Dynamic binding

Mark St. John stjohn at cogsci.UCSD.EDU
Fri Nov 5 15:17:27 EST 1993


The sort of "holistic" binding that happens in the hidden layer of a
3-layer network and that Graham Smith describes is not particularly
new, at least if you look in the right place.  As Smith says, this is
just the sort of binding that happens in one of Jordan Pollack's RAAM
networks (1990, Artificial Intelligence), and it's much the same as
the sort of binding that happens in the hidden layer in the language
comprehension systems that Jay McClelland and I (1990, Artificial
Intelligence) have developed and that Risto Miikkulainen and Michael
Dyer (1991, Cognitive Science) have developed.  An example of binding
in these models would be to give them a sentence like, "Ricky played a
trick on Lucy," and observe that the model correctly binds Ricky to
the agent role and Lucy to the recipient role.  Then you give the
opposite sentence (Lucy played a trick on Ricky) and observe that the
bindings are reversed.

One serious issue/limitation of this holistic binding method, however,
is how well it generalizes to novel cases: How many of the total
possible sentences have to be trained so that the remaining sentences
will be processed correctly?  What happens is that the sentences
missing from the training set create regularities that the model can
learn.  These regularities are sentences that do not (and so as far as
the hidden units are concerned, cannot) occur.  The question, then,
once the network has been trained, which force is stronger: the
generalization to novel cases, or the regularity the network learned
that that novel case cannot happen?  For example, say the network
never trained on "Lucy played a trick on Ricky."  The model learns
many other sentences that suggest how to map sentence constituents to
thematic roles, but it also learns that playing tricks is a one-way
sort of deal because Lucy never seems to play them.  Now if we give
the Lucy sentence as a generalization test case, part of the model wants
to generalize and activate the systematic meaning based on all that it
learned about sentence comprehension, but another part of the model
wants to correct this obvious error in the input because it knows that
this sentence and meaning are unlikely.  The model can "correct the
error" by flipping the agent and recipient to the better known
arrangement or by changing the verb to a more likely alternative, etc.
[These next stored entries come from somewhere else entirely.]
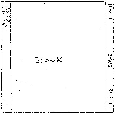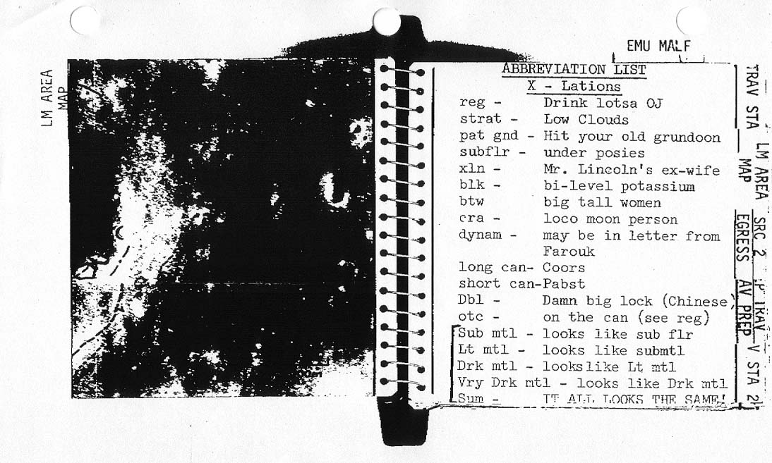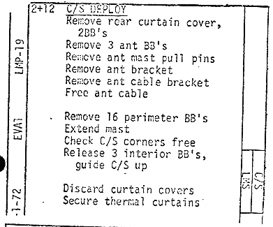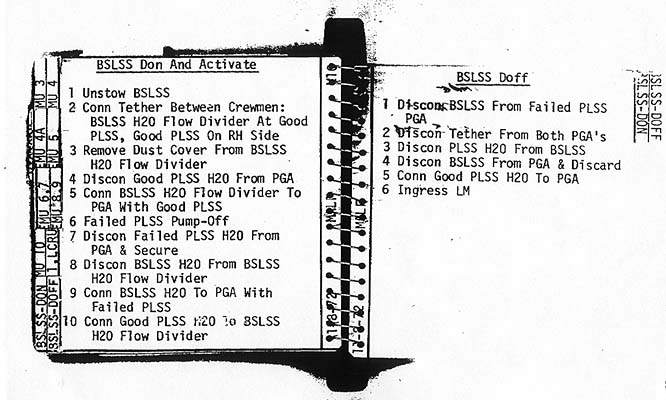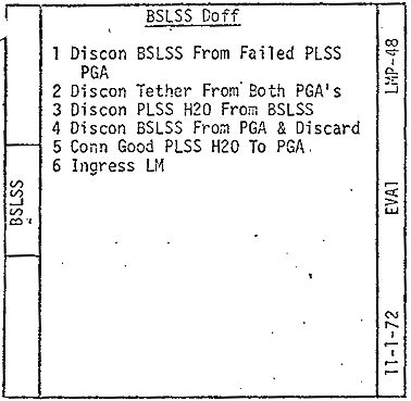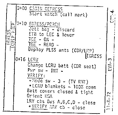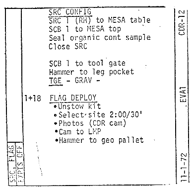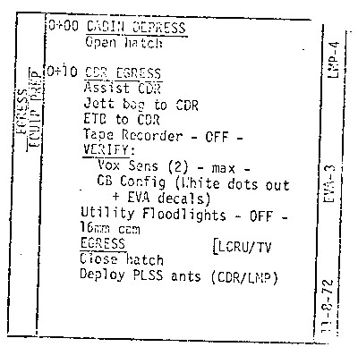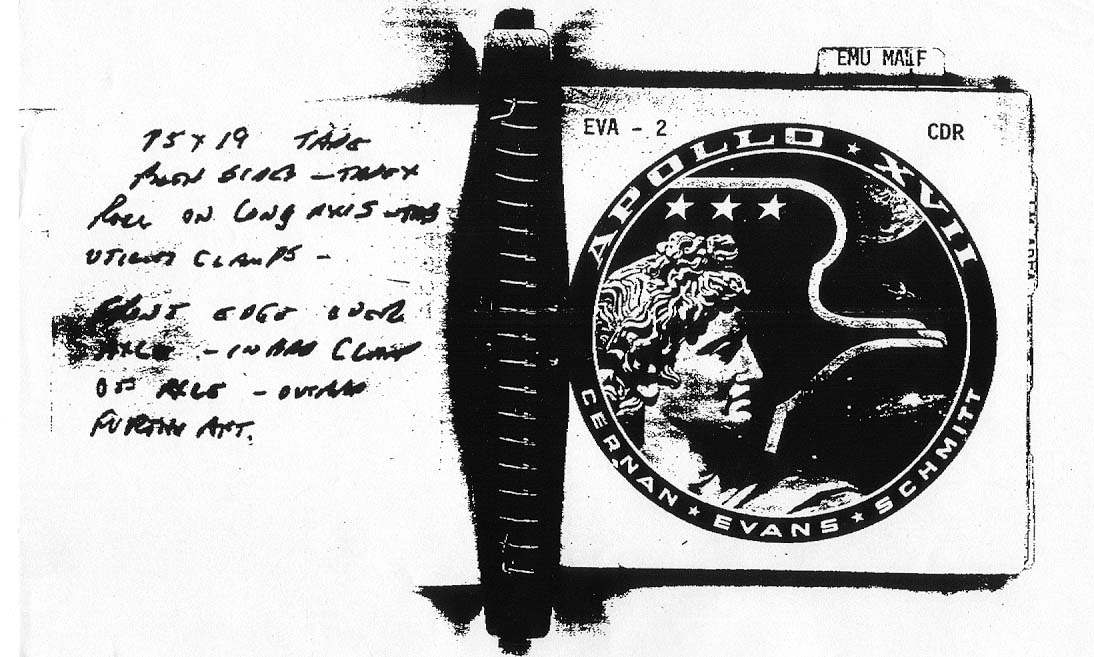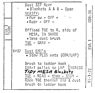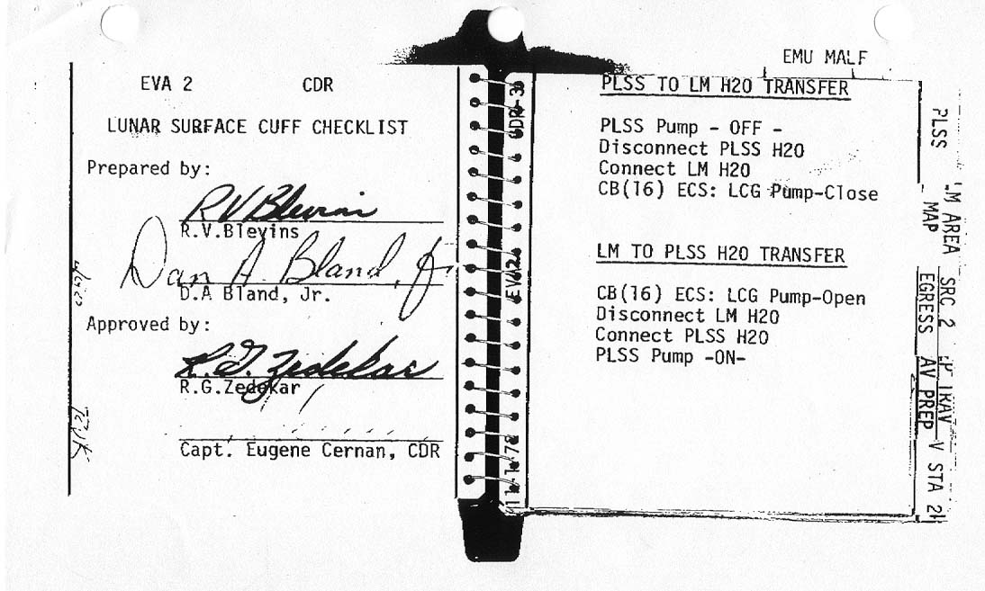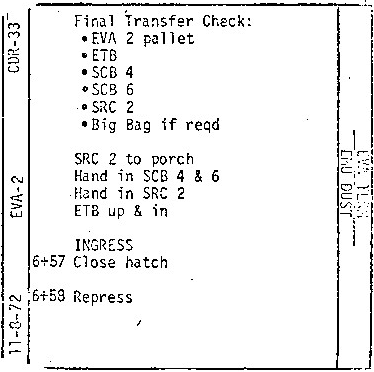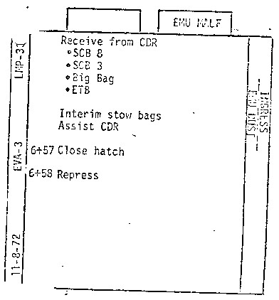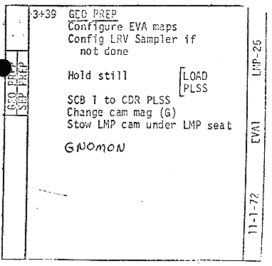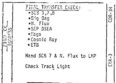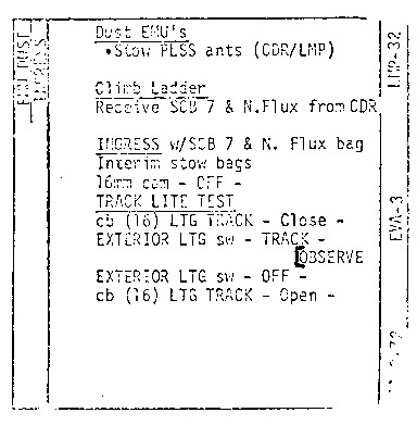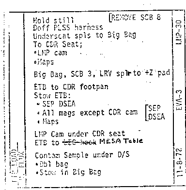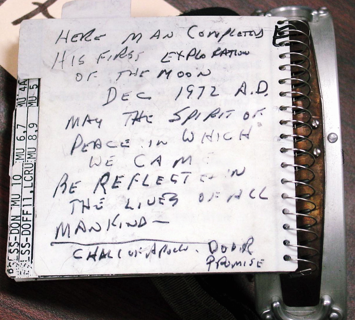 Gene wrote this note on the back of his EVA-3 cuff checklist before the prior rest period. It is a 'tickler' to remind him of what he wanted to say prior to climbing the ladder for the last time. Above the line is the text of the plaque afixed to the ladder and, below the line, the words "Chall(enge) of Apollo. Door Promise." See the transcript and discussion following 170:41:00. Photograph of the flown checklist page taken by Larry McGlynn at the Kansas Cosmosphere in 2000.
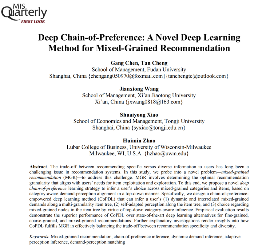 The MIS Quarterly paper introduces a mixed-grained recommendation framework with hierarchical preference chains, enabling dynamic balance between item-level and category-level recommendations for more accurate user intention matching.
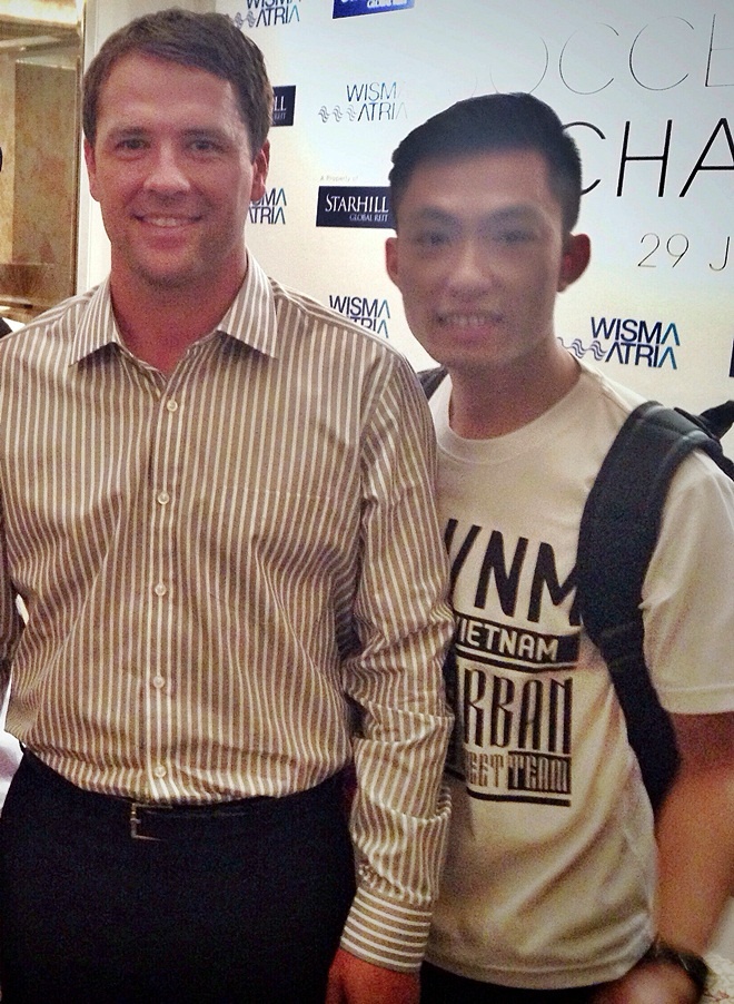 Chàng trai 8X này từng được gặp gỡ nhiều huyền thoại nổi tiếng trong làng bóng đá như Bryan Robson (đội trưởng Manchester United), Michael Owen, Deco và trọng tài nổi tiếng Colina.
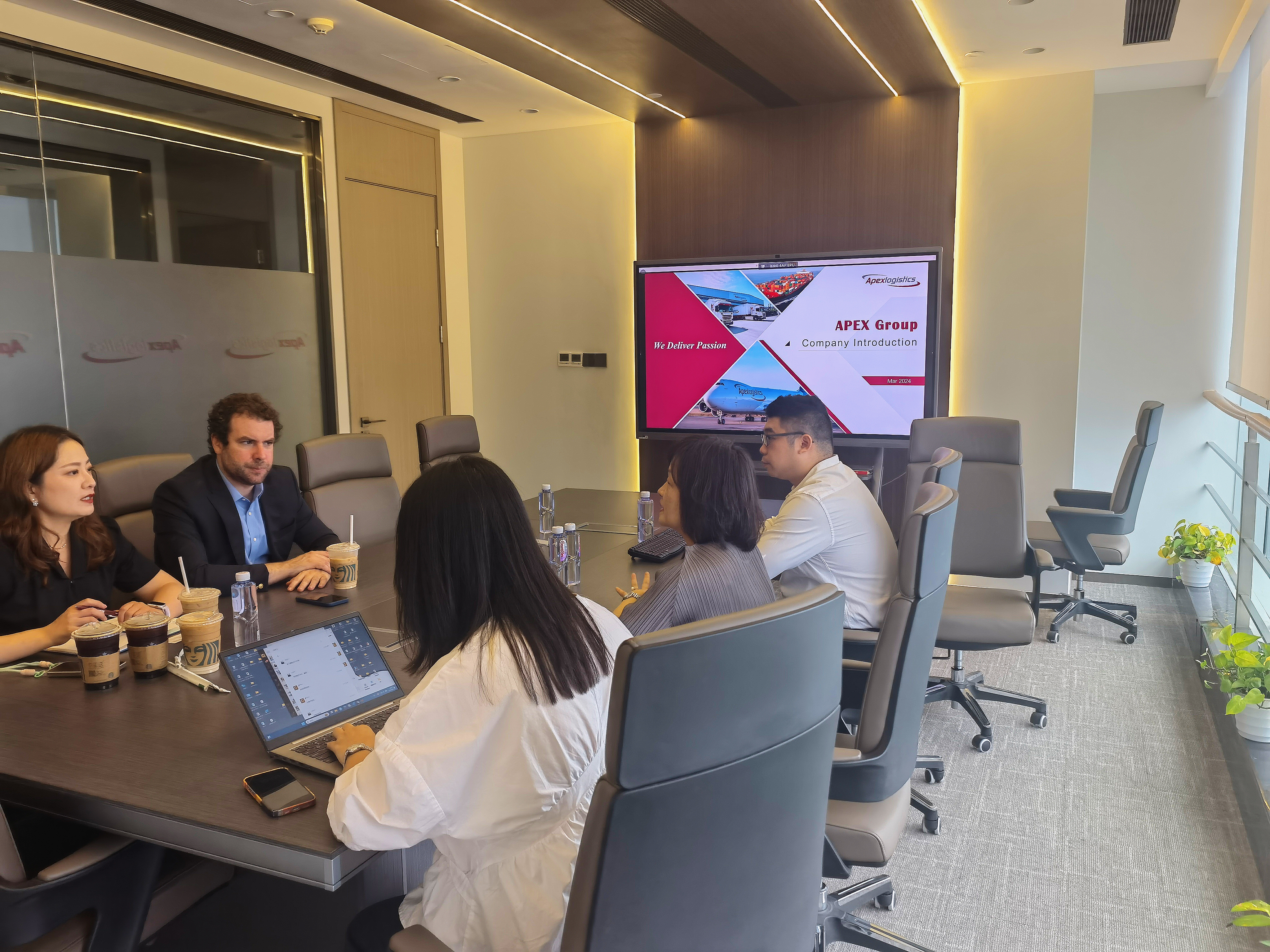 El Cónsul General, José Miguel Vial, en compañía de la Representante Comercial de Prochile en Chengdú, Yang Yu, visitaron las oficinas en Chengdú de la empresa Apex Logistics, responsable de los vuelos de carga que unen a Santiago con Chengdú, previa escala en Miami. Durante la reunión, la gerenta general de APEX Logistics, Sra. Hellen He informó que actualmente hay cuatro vuelos de carga directos semanales desde Chengdú a Santiago de Chile, con una ruta que sigue CTU-MIA-SCL, haciendo escala en Anchorage, Estados Unidos. La duración total del trayecto es de aproximadamente 30 a 36 horas.
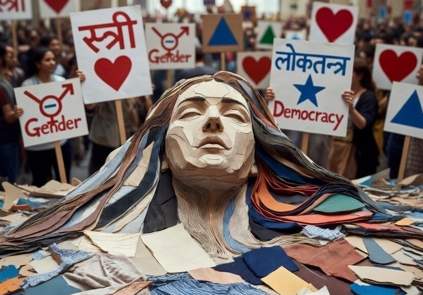 जेण्डर के साँचे में स्त्री दुनिया को बाँध कर स्त्री व्यक्तित्व को अनुकूलित किया जाना सुनियोजित पितृसत्तात्मक रणनीति थी, जिसने स्त्री की सम्भावनाओं, अधिकारों और सार्वजनिक उपस्थिति पर ताले जड़ दिए। जेण्डर की यह अवधारणा सोच और व्यवहार में इतनी गहराई तक पैठ गयी कि वह अनायास ही हमारे कर्म और विचार दोनों को संचालित करने लगी—और पुरुष भी इससे अछूते नहीं रहे। दिनकर की प्रसिद्ध पंक्ति,“इतिहास पहुँचता जभी निकट नारी के/हो रहता अचल या कि कविता बन जाता है” (उर्वशी) में निहित सदाशयता के पासंग में यह विचार नहीं आया कि कविता बन जाना स्त्री के लिए कितना बड़ा दण्ड बना। कविता बनकर वह इतिहास से ही निष्कासित कर दी गयी—दृश्यता से वंचित, सत्ता से बाहर और सामाजिक निर्णय-प्रक्रिया से अनुपस्थित। लोकतन्त्र के सन्दर्भ में इसका अर्थ यही रहा कि स्त्री को शासन-तन्त्र से बाहर कर दिया गया और उसकी किसी भूमिका या भागीदारी को मान्यता नहीं दी गयी। आजादी के बाद स्त्री को मताधिकार देकर कर्तव्य पूरा होना मान लिया गया, पर समानता की जमीन उपलब्ध कराए बिना इस अधिकार के क्या मायने रह जाते हैं, इसपर विचार किया जाना था। इसके बिना लोकतन्त्र में स्त्री की उपस्थिति नगण्य बनी रही और परिणाम यह हुआ कि उसके सवाल भी व्यवस्था में माकूल जगह नहीं बना सके। शासन व्यवस्था के तमाम दावों के बावजूद पितृसत्ता की दृष्टि में यह नहीं रहा कि आधी आबादी को शासन तन्त्र वंचित करके भला वह लोकतन्त्र की किस सफलता का बखान कर सकता है!
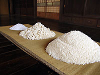 大きな樽に塩3、麹5、米8を入れて約9ヶ月間熟成させる
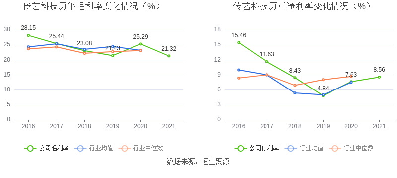 2021年,益达娱乐毛利率为21.32%,同比下降3.97个百分点;净利率为8.56%,较上年同期上升0.93个百分点。
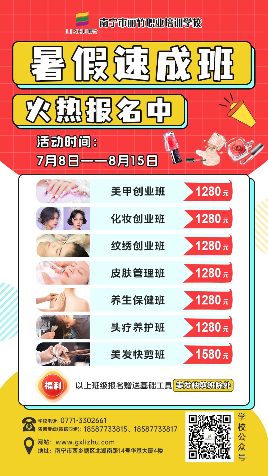 暑期速成班學(xué)費特惠,南寧美容美發(fā)化妝美甲學(xué)校
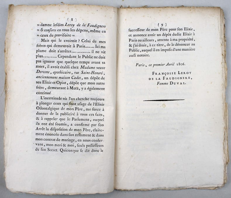Brochure publicitaire pour l'élixir odontalgique de François Leroy de La Faudignère "dont il n'a transmis la recette qu'à sa fille, épouse de Duval, dentiste & Maître en chirurgie de Paris." Au début de cette brochure, Françoise Duval se plaint des contrefacteurs qui ne sont autres que ses frères qui lui ont contesté la propriété exclusive de l'élixir. Elaboré après 1760, cet élixir a donc connu un très long succès. Bon exemplaire tel que paru. /// In-8 de 48 pp. Cousu sur brochure. ////
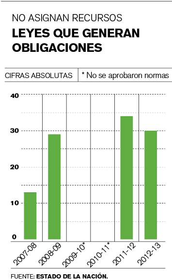 Dicha normativa es un ejemplo entre un total de 63 leyes, aprobadas entre el 2011 y 2013, que crean nuevas funciones y gasto público, pero no establecen mecanismos de financiamiento.
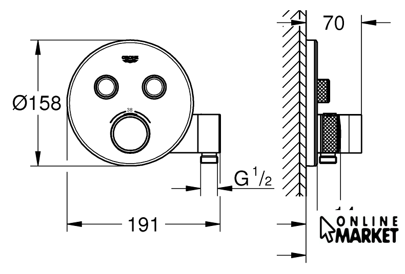 | Стопор безопасной температуры | 38 ° (ограничитель до 43° в комплекте) |
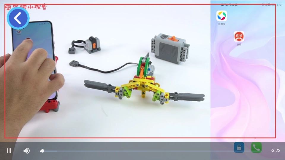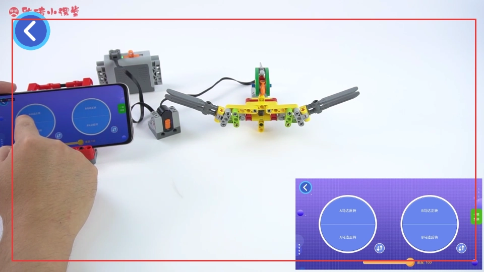 继续观看,按照手机界面上的提示来操作积木装置,感受相关功能带来的体验。
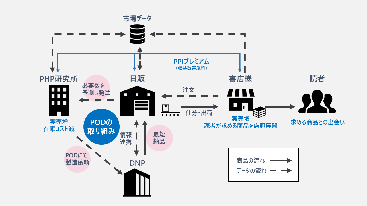 PHP研究所とDNPならびに当社は、出荷率をはじめとする課題のさらなる改善を図るとともに、需要予測の活用なども加え、書店様の収益改善につながる出版流通改革のスキームのモデルを研究し、POD製造の在庫を当社に直接納品していただくなど、より製造・流通の一体化に向けて、取り組んでまいります。

Which part of the model (or better put, which influence) wins depends
on many factors, such as the number of hidden units, the cost
function, the combinatorial nature of the training corpus, the size of
the training corpus, and so on.  It turns out that to achieve the sort
of systematic mapping we want we need to use A LOT of hiddens units
(yes, more is better in this case of generalization), a large training
set, and critically, a reasonably combinatorial corpus so that each
element/word is paired with some variety of other elements (in
statistical terms, you need to break as many high-order regularities
as possible).  See St. John (1993, Cognitive Science Proceedings) for
some discussion.  I'm a little embarrassed to toot my own horn, but
I've thought about this some, and these papers may be of some interest
-- in addition to Janet Wiles paper (1993, Cognitive Science
Proceedings) that John Colen mentioned.

One final point I'd like to raise is that this tension between
generalization (along the lines of a systematic mapping) and "error
correction" is not all bad.  There is considerable psycholinguistic
evidence that these sorts of "error corrections" happen with some
frequency.  People mis-hear, mis-read, mis-remember, see what they
want to see, etc. all the time.  On the other hand, we can all
understand the infamous sentence "John ate the guitar" even though
we've presumably never seen such a thing before and it's pretty
unlikely.  This ability, however, may simply attest to the wide
variety and combinatorics of our language training.  Why it is that we
mis-read on some occassions and comprehend the systematic meaning,
like with John eatting the guitar, on other occassion is not well
understood.  Training is probably involved, and attention is probably
involved, to name two factors.  We're currently work on models and
human experiments to understand this issue better.